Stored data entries
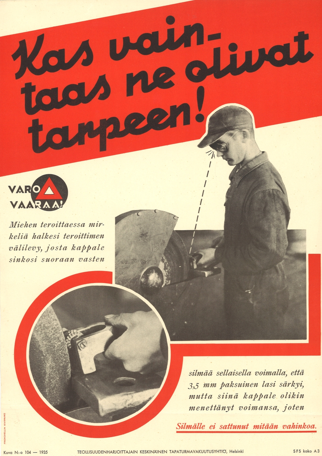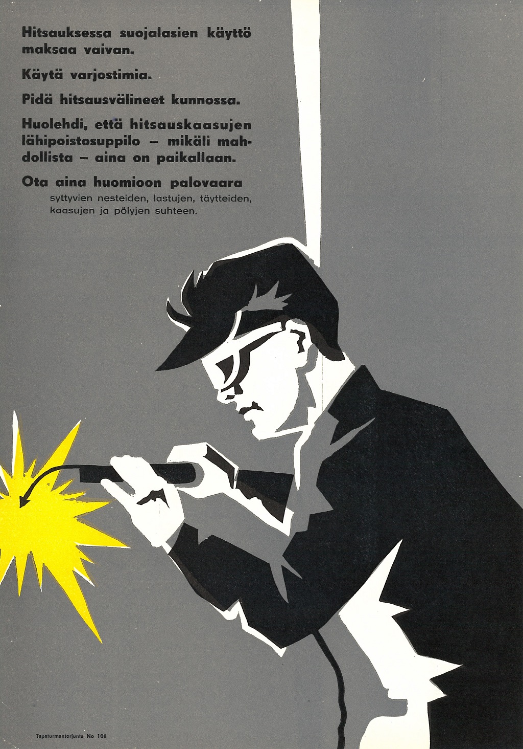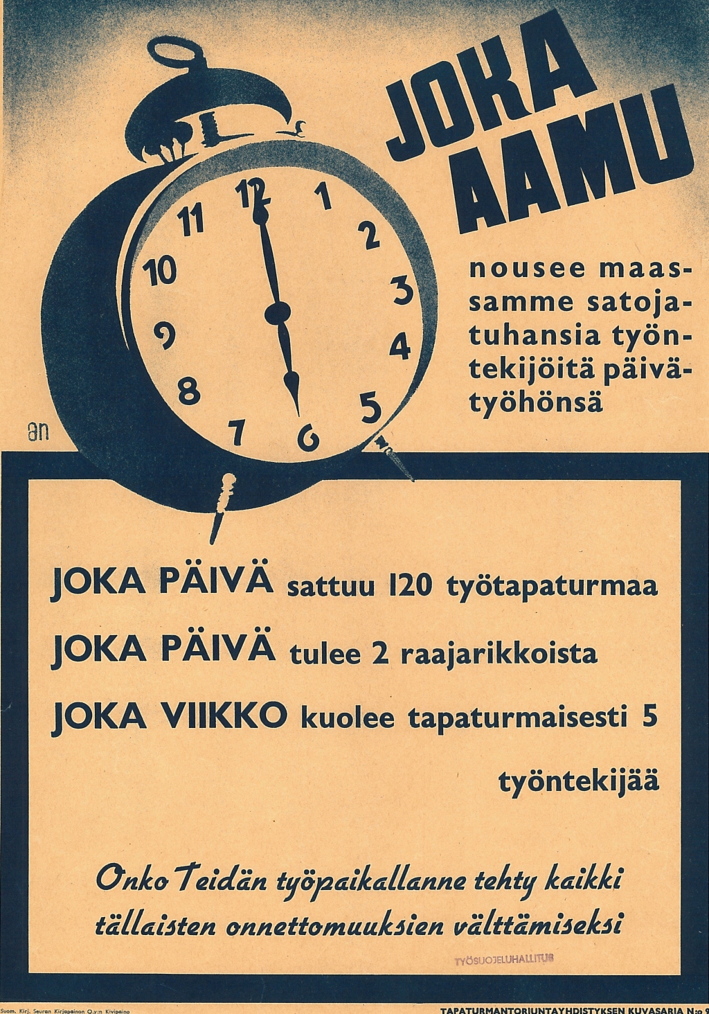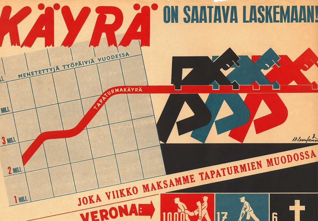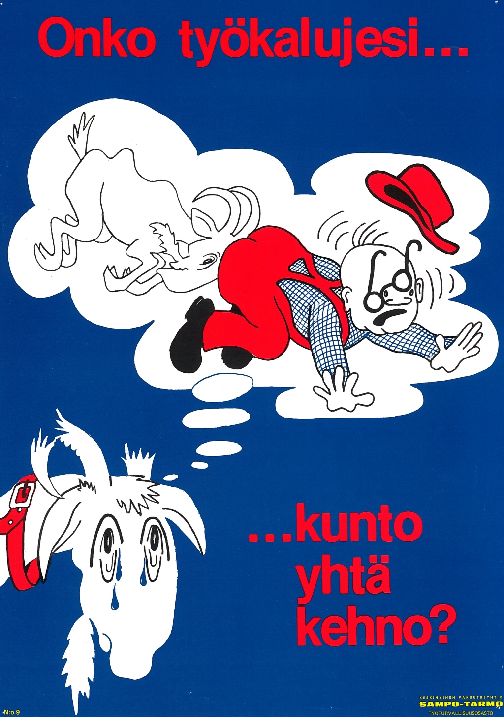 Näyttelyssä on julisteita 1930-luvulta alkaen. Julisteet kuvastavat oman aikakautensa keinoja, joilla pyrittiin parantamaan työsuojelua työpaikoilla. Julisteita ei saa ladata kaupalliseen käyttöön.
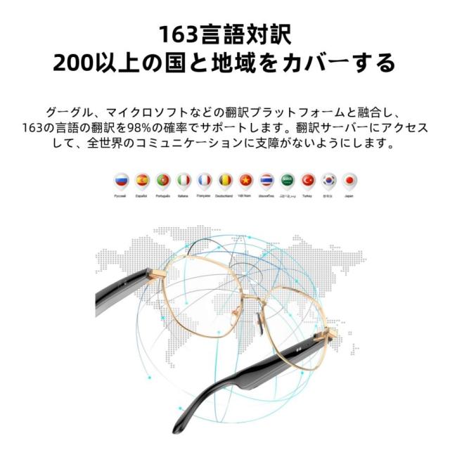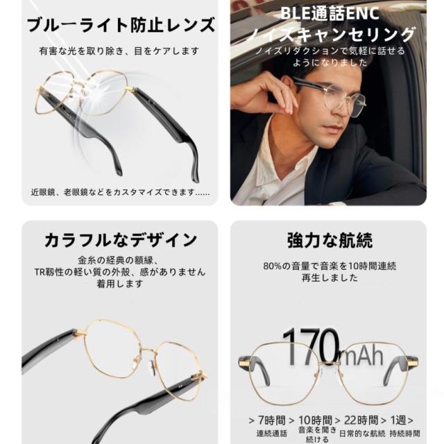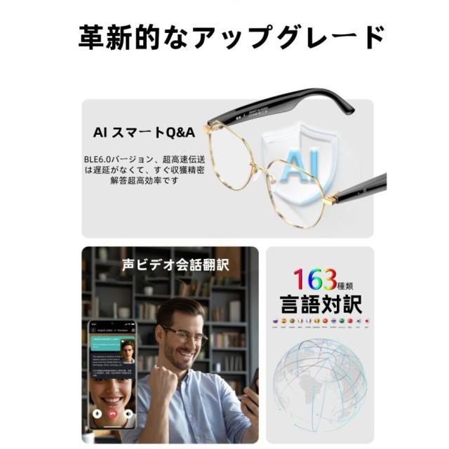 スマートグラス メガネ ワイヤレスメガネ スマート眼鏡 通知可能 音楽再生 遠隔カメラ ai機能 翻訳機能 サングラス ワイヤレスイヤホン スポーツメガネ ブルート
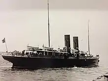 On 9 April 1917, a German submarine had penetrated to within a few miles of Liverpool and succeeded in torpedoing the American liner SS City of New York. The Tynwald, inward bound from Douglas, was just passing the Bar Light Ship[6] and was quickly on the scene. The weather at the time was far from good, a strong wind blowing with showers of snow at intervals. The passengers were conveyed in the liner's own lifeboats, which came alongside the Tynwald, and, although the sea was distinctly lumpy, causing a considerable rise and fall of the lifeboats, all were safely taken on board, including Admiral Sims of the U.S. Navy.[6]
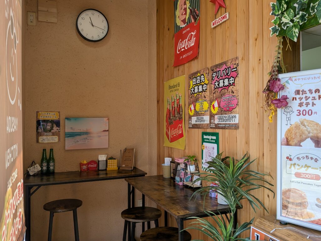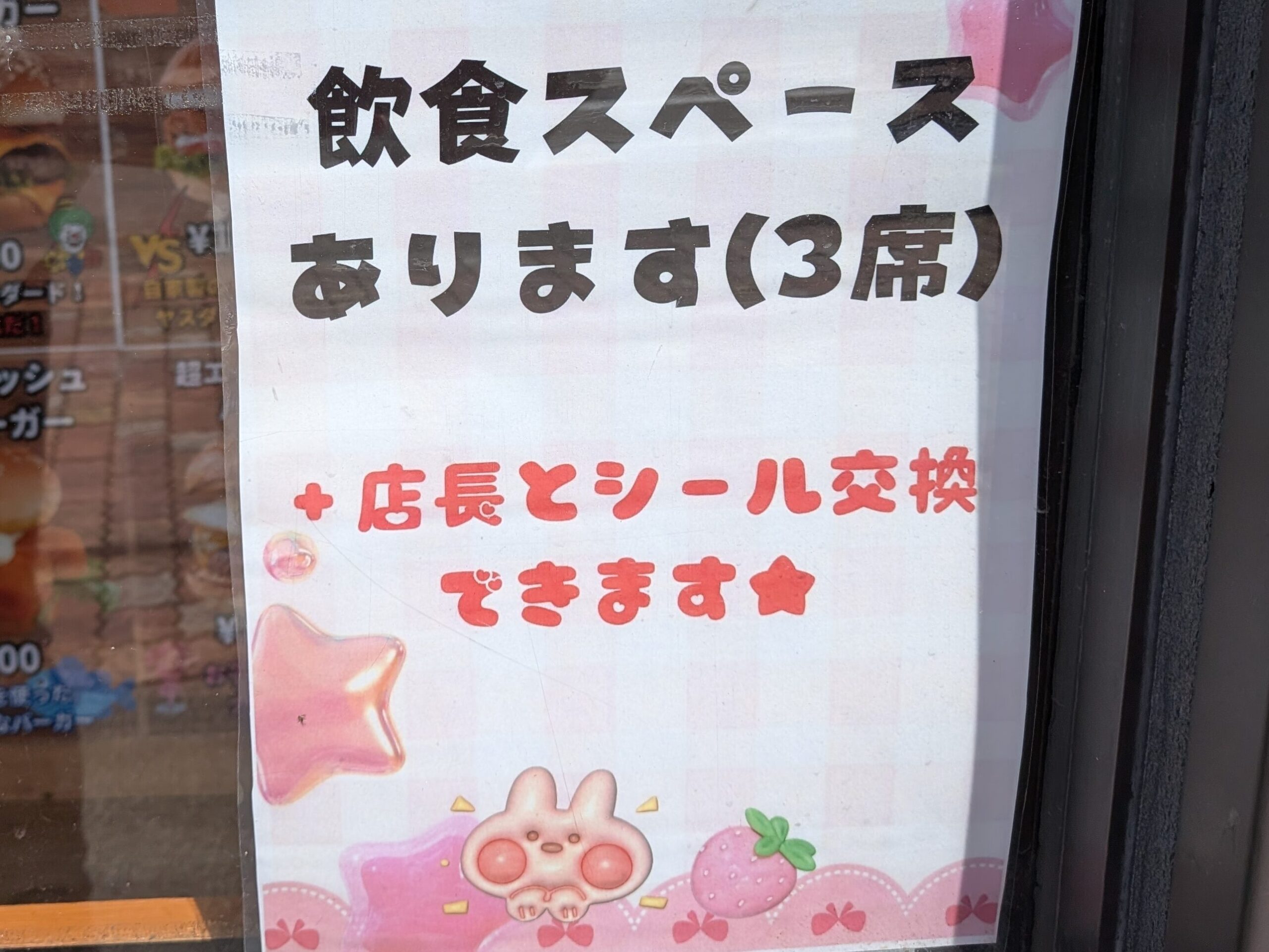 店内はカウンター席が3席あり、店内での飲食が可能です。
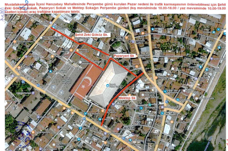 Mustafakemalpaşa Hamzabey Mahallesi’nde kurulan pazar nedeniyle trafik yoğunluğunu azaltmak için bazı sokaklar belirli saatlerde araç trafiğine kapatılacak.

— Your objective —
Only the lines from the one holding "On 9 April 1917, a" through the end of the records belong in the answer, copied exactly and without pictures.

— Answer to the problem —
 On 9 April 1917, a German submarine had penetrated to within a few miles of Liverpool and succeeded in torpedoing the American liner SS City of New York. The Tynwald, inward bound from Douglas, was just passing the Bar Light Ship[6] and was quickly on the scene. The weather at the time was far from good, a strong wind blowing with showers of snow at intervals. The passengers were conveyed in the liner's own lifeboats, which came alongside the Tynwald, and, although the sea was distinctly lumpy, causing a considerable rise and fall of the lifeboats, all were safely taken on board, including Admiral Sims of the U.S. Navy.[6]
 店内はカウンター席が3席あり、店内での飲食が可能です。
 Mustafakemalpaşa Hamzabey Mahallesi’nde kurulan pazar nedeniyle trafik yoğunluğunu azaltmak için bazı sokaklar belirli saatlerde araç trafiğine kapatılacak.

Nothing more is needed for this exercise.